Logging via datafaucet support 5 levels:
  - info
  - notice
  - warning
  - error
  - fatal

#### No project metadata loaded.
Logging will work without loading any metadata project configuration, but in this case it will use the default cofiguration of the python root logger. By default, `debug`, `info` and `notice` level are filtered out.
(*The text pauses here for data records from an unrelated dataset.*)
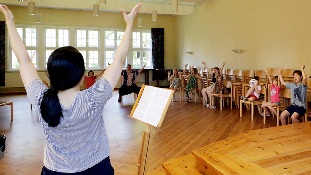 Im Heinrich-Schütz-Saal sitzen die Kinder in großer Runde und üben mit Fiona-Luisa Huang das Musical ein. Die passenden Gesten zum Text werden gleich mitgelernt. Und wie der Mund zu öffnen ist, damit der Ton auch klar herauskommt, das ist von den Mädchen und Jungen leicht nachzumachen. „Ich finde es sehr schön, wie die Chorleiterin das Lied mittels Bewegung rübergebracht hat. Hier lernt man spielend beim Singen“, sagt Henriette Kraatz. Die Berlinerin ist mit ihrer Mutter Sunnhild erstmals bei der Singwoche dabei. „Es ist eine bunte Mischung aus Musik, und das Vermitteln ist auch anders, eine schöne Bereicherung“, sagt Henriette Kraatz, die an Stelle einer Freundin nun die Gelegenheit nutzt, eine Ferienwoche singend zu verbringen. Für Selina Buhr mit ihren Kindern Liana (2), Mateo (6) und Mira (8), ihre Schwester Isabella Jahns und Nichte Maria Friedo gehört die Familiensingwoche schon seit der Kindheit zum festen Bestandteil des Ferienprogramms. „Man kommt hierher und weiß, was zu erleben ist. Vieles ist in den Jahrzehnten gleich geblieben und das ist das Schöne daran“, beschreibt Selina Buhr die Faszination der Singwoche. „Es ist eine Woche Urlaub mit Musik und gutem Programm für den ganzen Tag für die ganze Familie“, ergänzt Maria Friedo.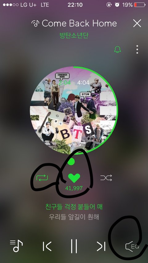 재생화면 오른쪽 하단에 EQ꺼야해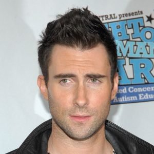 Another faux hawk look from Adam Levine, this style looks as though it’s been softly brushed into place, and was probably styled with some artful blowdrying and sparing use of styling cream or texturizing paste.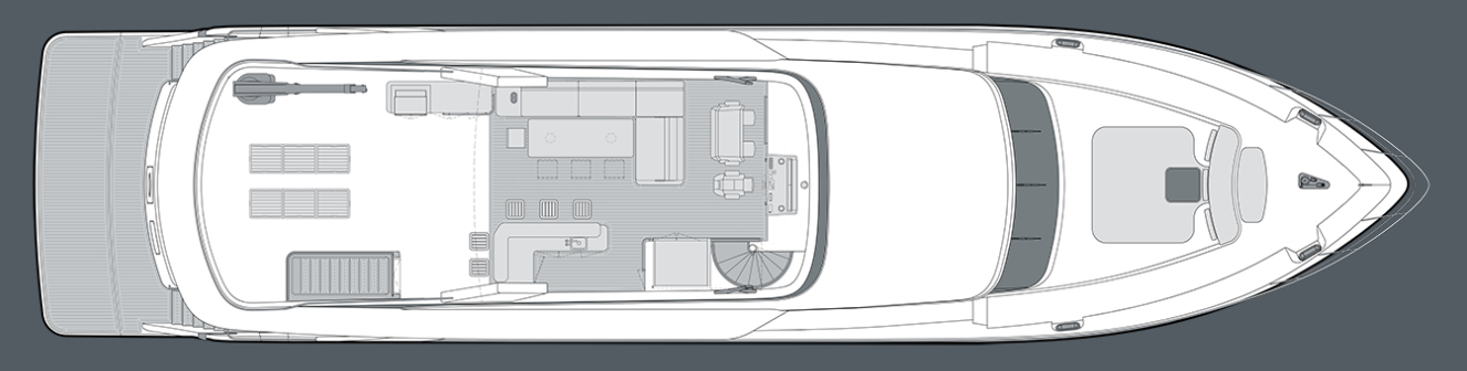 - Beach platform that can handle additional toys such as jets ski plus davit on the flybridge for tender storage – allowing multiple toy options in two separate locations.

To enable the full functionality, including logging to kafka and logging the custom logging information about the project (sessionid, username, etc) you must load a project first.

In [2]:
logging.debug('debug')
logging.info('info')
logging.notice('notice')
logging.warning('a warning message')
logging.error('this is an error')
logging.critical('critical condition')

this is an error
critical condition


Messages propagate to the upper logger as usual: you can define your own formatting and configuration of the logger

In [3]:
import logging as python_logging
python_logging.basicConfig(format=("%(asctime)s %(levelname)s (%(threadName)s) [%(name)s] %(message)s"))
python_logging.getLogger().setLevel(python_logging.INFO)

logging.debug('debug')
logging.info('info')
logging.notice('notice')
logging.warning('a warning message')
logging.error('this is an error')
logging.critical('critical condition')

2019-12-18 09:35:09,075 INFO (MainThread) [datafaucet] info
2019-12-18 09:35:09,075 NOTICE (MainThread) [datafaucet] notice
2019-12-18 09:35:09,076 ERROR (MainThread) [datafaucet] this is an error
2019-12-18 09:35:09,077 CRITICAL (MainThread) [datafaucet] critical condition


### Initializing the datafaucet logger
If a logging configuration is loaded/initialized, then extra functionality will be available.  
In particular, logging will log datafaucet specific info, such as the session id, and data can be passed as a dictionary, optionally with a custom message  
This is the list of the extra fields available for logging:
 - dfc_sid: datafaucet session id
 - dfc_username: username
 - dfc_filepath: file name being run
 - dfc_reponame: repository name if under git
 - dfc_repohash: repository short hash if under git
 - dfc_funcname: function name being run
 - dfc_data: any extra data passed via the 'extra=' parameter in the logging

In [4]:
logging.init('info', True, 'datafaucet.log')

In [5]:
logging.debug('debug')
logging.info('info')
logging.notice('notice')
logging.warning('a warning message')
logging.error('this is an error')
logging.critical('critical condition')

 [datafaucet] INFO logging.ipynb:notebook:cell | info
 [datafaucet] NOTICE logging.ipynb:notebook:cell | notice
 [datafaucet] ERROR logging.ipynb:notebook:cell | this is an error
 [datafaucet] CRITICAL logging.ipynb:notebook:cell | critical condition


In [6]:
# custom message
dfc.logging.notice('hello world')

 [datafaucet] NOTICE logging.ipynb:notebook:cell | hello world


In [7]:
# *args miltiple variable args are concatenated similar to print
dfc.logging.warning('message', 'can have', 'multiple parts', 'and', 'types:', dfc.__name__, 'is a', type(dfc))



In [8]:
# add custom data dictionary as a dictionary
dfc.logging.warning('custom data + message', extra={'test_value':42})



In [9]:
# extra dictionary is not shown in stdout, but does show in file (jsonl format) and kafka log messages
!tail -n 1 datafaucet.log | jq .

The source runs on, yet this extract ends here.